» PROBLEM REQUIREMENTS
Each line of the data below goes into the copy exactly; pictures do not.

» SOURCE MATERIAL
===

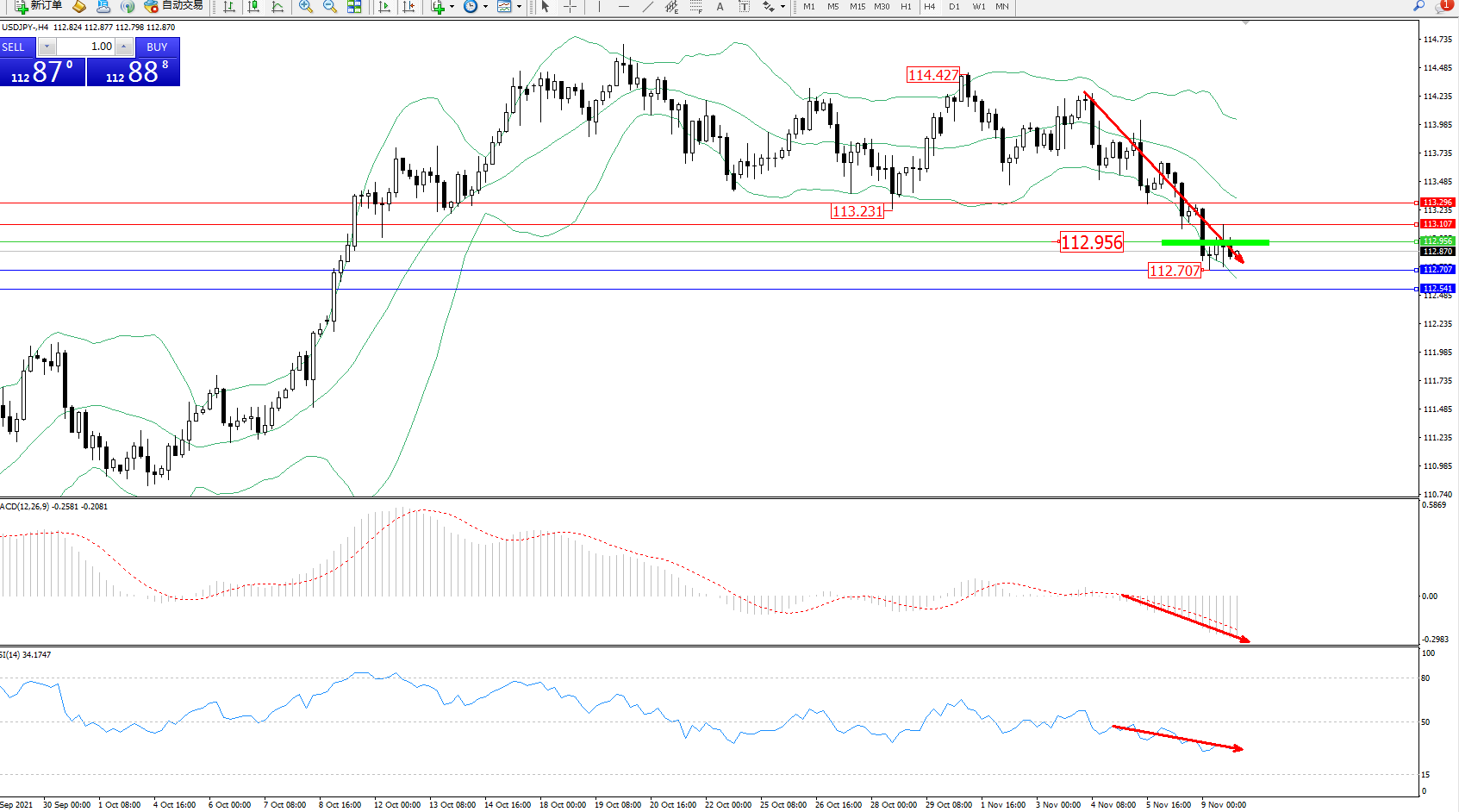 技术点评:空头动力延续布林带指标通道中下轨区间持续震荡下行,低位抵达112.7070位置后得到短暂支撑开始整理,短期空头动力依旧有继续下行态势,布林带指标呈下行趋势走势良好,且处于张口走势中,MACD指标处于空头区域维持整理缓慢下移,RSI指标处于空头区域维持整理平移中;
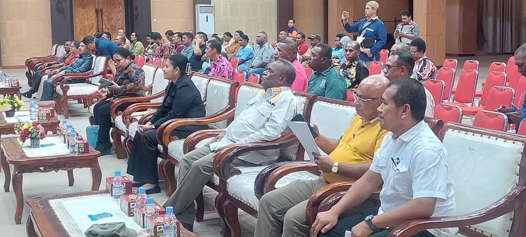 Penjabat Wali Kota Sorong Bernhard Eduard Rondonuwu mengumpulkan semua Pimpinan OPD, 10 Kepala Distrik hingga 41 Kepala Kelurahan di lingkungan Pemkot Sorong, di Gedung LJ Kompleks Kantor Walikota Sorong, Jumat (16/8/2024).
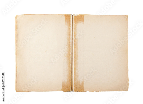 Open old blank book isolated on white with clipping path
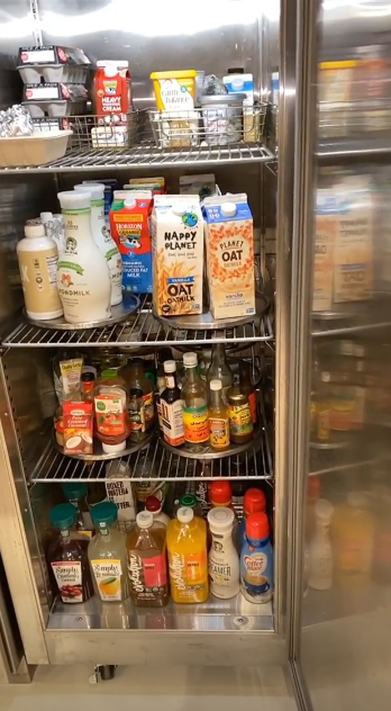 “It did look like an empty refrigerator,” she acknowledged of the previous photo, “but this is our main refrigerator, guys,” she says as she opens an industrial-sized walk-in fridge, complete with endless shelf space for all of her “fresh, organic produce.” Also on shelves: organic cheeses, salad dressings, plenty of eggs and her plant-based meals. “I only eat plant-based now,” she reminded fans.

===

» SOLUTION TO THIS PROBLEM
 技术点评:空头动力延续布林带指标通道中下轨区间持续震荡下行,低位抵达112.7070位置后得到短暂支撑开始整理,短期空头动力依旧有继续下行态势,布林带指标呈下行趋势走势良好,且处于张口走势中,MACD指标处于空头区域维持整理缓慢下移,RSI指标处于空头区域维持整理平移中;
 Penjabat Wali Kota Sorong Bernhard Eduard Rondonuwu mengumpulkan semua Pimpinan OPD, 10 Kepala Distrik hingga 41 Kepala Kelurahan di lingkungan Pemkot Sorong, di Gedung LJ Kompleks Kantor Walikota Sorong, Jumat (16/8/2024).
 Open old blank book isolated on white with clipping path
 “It did look like an empty refrigerator,” she acknowledged of the previous photo, “but this is our main refrigerator, guys,” she says as she opens an industrial-sized walk-in fridge, complete with endless shelf space for all of her “fresh, organic produce.” Also on shelves: organic cheeses, salad dressings, plenty of eggs and her plant-based meals. “I only eat plant-based now,” she reminded fans.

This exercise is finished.